┏━━

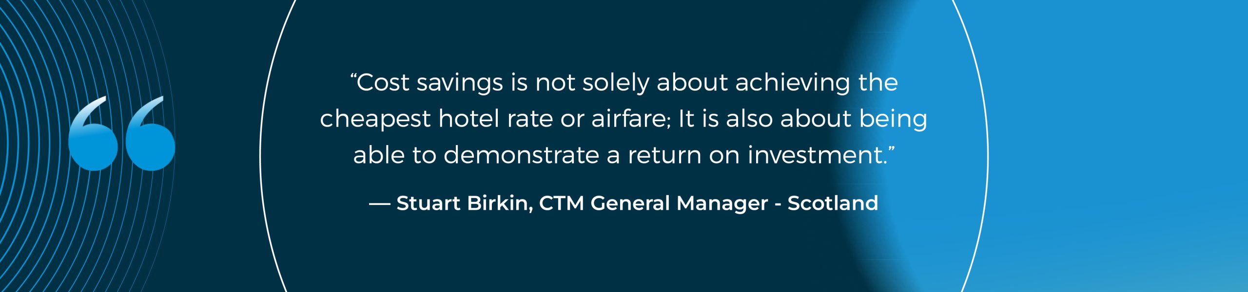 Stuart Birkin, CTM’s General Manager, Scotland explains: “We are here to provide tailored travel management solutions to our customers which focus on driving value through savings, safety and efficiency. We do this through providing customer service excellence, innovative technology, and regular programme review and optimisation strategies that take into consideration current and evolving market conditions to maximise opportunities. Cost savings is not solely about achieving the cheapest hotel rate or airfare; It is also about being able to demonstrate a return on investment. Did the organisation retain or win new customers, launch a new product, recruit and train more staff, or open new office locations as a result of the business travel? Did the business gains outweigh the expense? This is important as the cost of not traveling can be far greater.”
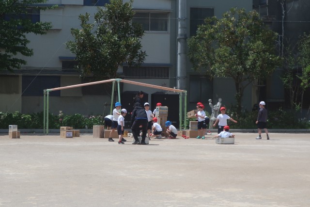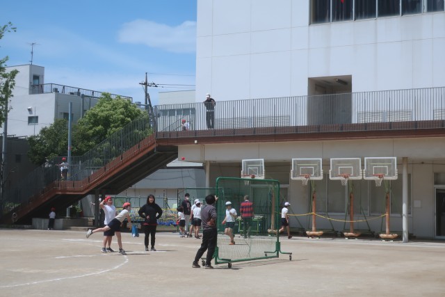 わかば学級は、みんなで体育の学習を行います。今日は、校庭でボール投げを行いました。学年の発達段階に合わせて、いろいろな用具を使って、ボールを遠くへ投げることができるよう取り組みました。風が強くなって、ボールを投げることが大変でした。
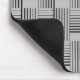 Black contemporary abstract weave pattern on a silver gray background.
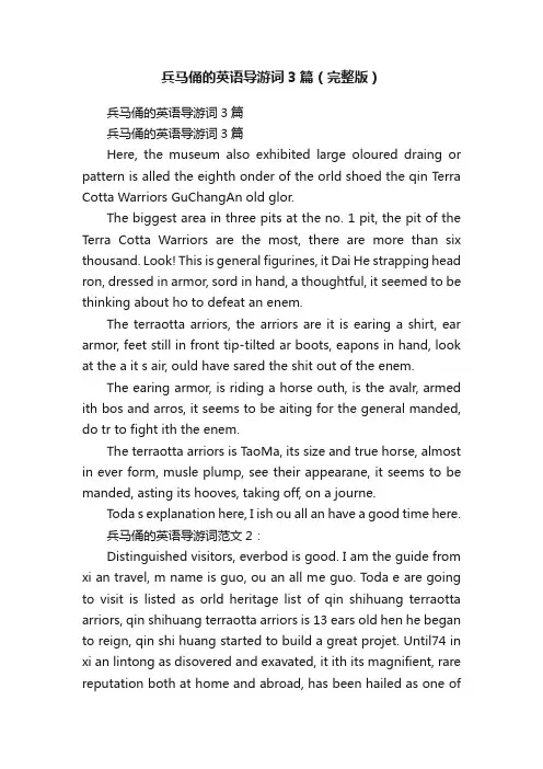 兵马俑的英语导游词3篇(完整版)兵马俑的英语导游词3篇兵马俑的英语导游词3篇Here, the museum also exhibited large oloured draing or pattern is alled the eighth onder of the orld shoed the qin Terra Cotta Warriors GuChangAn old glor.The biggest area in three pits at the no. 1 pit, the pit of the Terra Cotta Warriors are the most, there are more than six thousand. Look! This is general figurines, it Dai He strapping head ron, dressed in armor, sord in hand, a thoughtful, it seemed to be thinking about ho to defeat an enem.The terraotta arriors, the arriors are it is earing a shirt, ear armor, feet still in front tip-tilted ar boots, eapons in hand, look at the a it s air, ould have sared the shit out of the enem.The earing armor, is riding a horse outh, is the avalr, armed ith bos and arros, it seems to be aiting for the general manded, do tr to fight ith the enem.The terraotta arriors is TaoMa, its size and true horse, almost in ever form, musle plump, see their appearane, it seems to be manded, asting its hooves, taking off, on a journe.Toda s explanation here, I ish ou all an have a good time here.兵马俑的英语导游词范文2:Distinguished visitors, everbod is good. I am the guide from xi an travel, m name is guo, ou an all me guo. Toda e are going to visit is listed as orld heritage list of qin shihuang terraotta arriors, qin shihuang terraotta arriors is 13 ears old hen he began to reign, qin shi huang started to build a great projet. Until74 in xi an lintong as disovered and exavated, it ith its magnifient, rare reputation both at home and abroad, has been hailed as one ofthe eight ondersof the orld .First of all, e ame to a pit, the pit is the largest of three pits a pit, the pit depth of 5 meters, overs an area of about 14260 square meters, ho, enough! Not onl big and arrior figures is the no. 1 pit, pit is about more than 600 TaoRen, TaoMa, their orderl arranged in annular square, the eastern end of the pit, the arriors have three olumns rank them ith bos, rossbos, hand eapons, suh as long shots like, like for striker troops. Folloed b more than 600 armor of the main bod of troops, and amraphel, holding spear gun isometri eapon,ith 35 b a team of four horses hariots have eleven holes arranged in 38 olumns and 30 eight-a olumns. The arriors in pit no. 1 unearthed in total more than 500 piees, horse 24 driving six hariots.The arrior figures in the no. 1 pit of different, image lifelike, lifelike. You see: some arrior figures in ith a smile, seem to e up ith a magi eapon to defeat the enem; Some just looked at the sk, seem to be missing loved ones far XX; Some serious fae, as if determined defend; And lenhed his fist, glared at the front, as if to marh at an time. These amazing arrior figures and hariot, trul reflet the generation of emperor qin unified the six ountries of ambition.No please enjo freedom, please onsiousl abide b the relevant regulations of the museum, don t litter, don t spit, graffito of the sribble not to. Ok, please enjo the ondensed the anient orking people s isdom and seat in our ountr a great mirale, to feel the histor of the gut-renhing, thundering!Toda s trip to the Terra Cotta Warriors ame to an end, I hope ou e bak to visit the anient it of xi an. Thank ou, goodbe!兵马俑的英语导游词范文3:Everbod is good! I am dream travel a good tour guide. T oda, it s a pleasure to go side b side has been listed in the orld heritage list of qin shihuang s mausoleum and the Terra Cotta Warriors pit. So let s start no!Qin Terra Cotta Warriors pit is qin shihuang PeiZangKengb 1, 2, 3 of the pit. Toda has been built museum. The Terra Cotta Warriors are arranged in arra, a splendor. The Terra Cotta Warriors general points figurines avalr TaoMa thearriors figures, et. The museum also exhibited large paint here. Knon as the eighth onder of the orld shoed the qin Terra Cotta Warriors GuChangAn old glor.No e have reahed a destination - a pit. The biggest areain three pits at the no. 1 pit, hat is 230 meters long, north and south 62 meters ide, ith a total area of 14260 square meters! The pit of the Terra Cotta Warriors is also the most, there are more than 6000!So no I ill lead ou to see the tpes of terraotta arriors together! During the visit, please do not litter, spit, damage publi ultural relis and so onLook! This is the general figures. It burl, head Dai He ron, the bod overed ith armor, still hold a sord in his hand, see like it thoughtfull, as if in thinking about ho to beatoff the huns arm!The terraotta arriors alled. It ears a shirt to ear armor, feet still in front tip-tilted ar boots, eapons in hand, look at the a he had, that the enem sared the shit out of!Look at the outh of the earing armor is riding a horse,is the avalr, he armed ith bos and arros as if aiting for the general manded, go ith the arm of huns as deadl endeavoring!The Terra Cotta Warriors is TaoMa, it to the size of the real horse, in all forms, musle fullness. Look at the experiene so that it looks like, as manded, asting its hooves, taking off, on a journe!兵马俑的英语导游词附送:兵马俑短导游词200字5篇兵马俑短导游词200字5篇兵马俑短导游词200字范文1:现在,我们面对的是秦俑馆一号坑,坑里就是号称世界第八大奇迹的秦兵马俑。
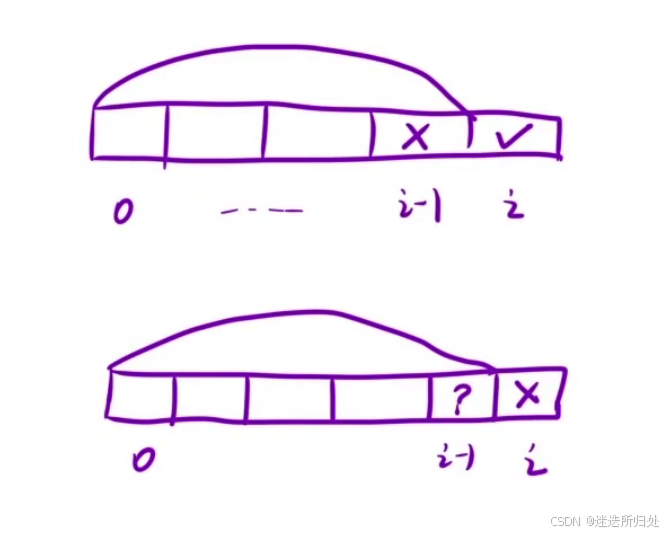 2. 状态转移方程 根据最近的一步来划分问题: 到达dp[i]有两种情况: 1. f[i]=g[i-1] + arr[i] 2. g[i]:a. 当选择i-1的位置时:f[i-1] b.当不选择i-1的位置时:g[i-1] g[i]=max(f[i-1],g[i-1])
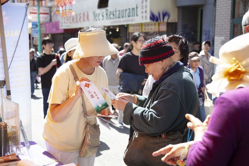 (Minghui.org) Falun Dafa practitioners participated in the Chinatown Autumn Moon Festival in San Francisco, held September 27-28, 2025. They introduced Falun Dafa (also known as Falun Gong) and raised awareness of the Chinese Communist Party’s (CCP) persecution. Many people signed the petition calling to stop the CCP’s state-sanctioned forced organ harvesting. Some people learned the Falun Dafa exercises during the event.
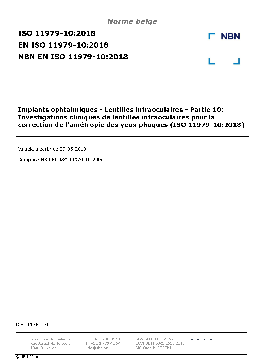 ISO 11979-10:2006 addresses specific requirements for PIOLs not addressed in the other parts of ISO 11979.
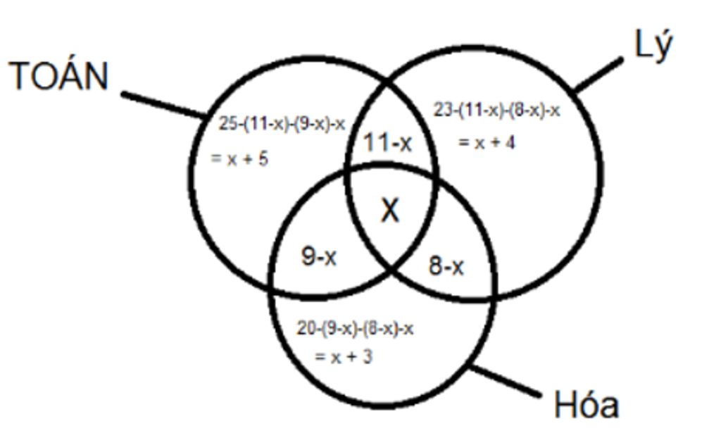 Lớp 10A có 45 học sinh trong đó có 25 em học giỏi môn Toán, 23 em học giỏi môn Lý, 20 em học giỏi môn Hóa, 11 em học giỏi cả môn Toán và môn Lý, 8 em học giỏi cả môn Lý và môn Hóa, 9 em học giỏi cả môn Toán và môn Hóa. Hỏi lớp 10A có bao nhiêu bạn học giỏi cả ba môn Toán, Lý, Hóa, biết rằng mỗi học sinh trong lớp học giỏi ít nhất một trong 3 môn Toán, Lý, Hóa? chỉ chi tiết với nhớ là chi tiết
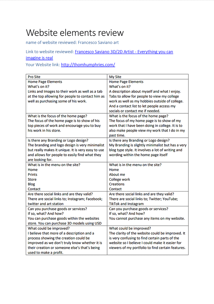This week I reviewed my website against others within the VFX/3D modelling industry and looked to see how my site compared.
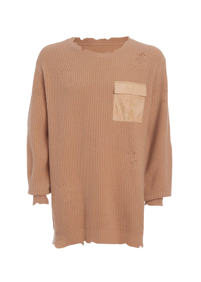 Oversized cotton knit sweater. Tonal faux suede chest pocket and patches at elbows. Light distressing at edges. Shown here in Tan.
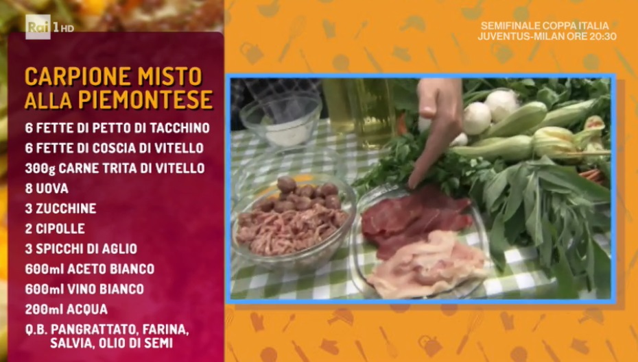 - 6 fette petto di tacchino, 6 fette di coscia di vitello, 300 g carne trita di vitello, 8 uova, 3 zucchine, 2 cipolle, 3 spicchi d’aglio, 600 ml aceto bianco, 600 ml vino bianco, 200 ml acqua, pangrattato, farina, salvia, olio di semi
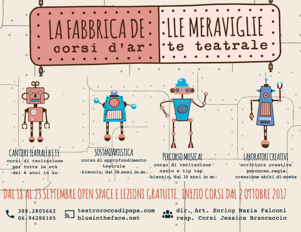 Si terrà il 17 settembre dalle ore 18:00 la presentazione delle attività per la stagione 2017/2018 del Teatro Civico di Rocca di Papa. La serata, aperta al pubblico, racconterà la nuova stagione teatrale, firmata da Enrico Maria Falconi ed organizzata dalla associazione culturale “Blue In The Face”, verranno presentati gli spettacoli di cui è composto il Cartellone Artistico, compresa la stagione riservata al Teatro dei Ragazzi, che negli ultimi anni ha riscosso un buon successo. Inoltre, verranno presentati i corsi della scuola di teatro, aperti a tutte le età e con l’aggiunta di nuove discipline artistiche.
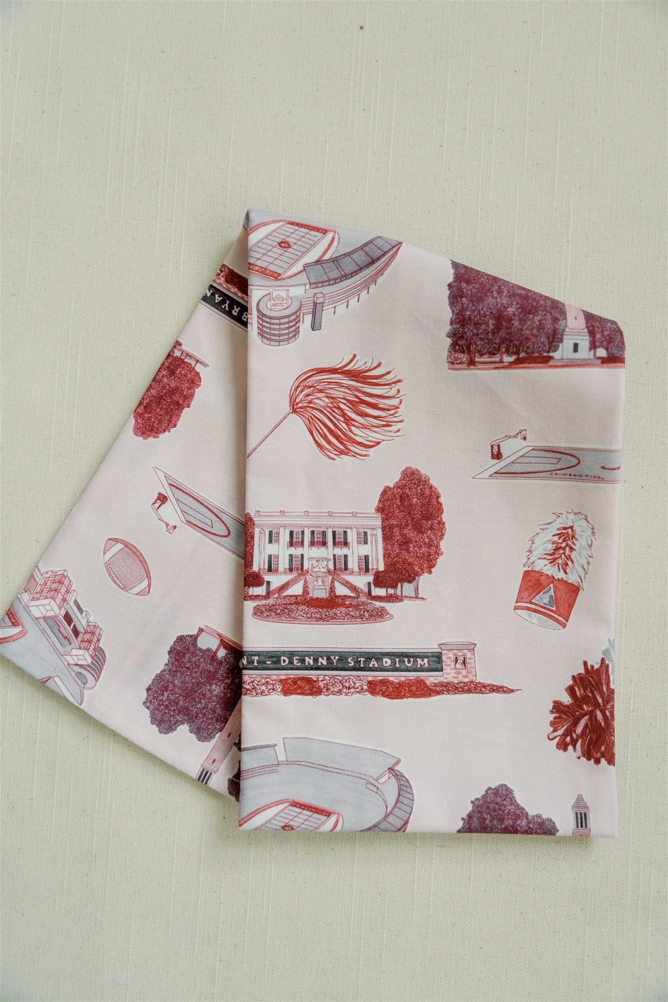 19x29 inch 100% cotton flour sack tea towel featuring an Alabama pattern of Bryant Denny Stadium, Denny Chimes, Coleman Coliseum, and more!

┗━━

▶ _Aim of the exercise_: I'd like the lines above repeated exactly, from the one that contains "わかば学級は、みんなで体育の" through the one that contains "Black contemporary abstract", with no pictures.

▶ _Exercise result_:
 わかば学級は、みんなで体育の学習を行います。今日は、校庭でボール投げを行いました。学年の発達段階に合わせて、いろいろな用具を使って、ボールを遠くへ投げることができるよう取り組みました。風が強くなって、ボールを投げることが大変でした。
 Black contemporary abstract weave pattern on a silver gray background.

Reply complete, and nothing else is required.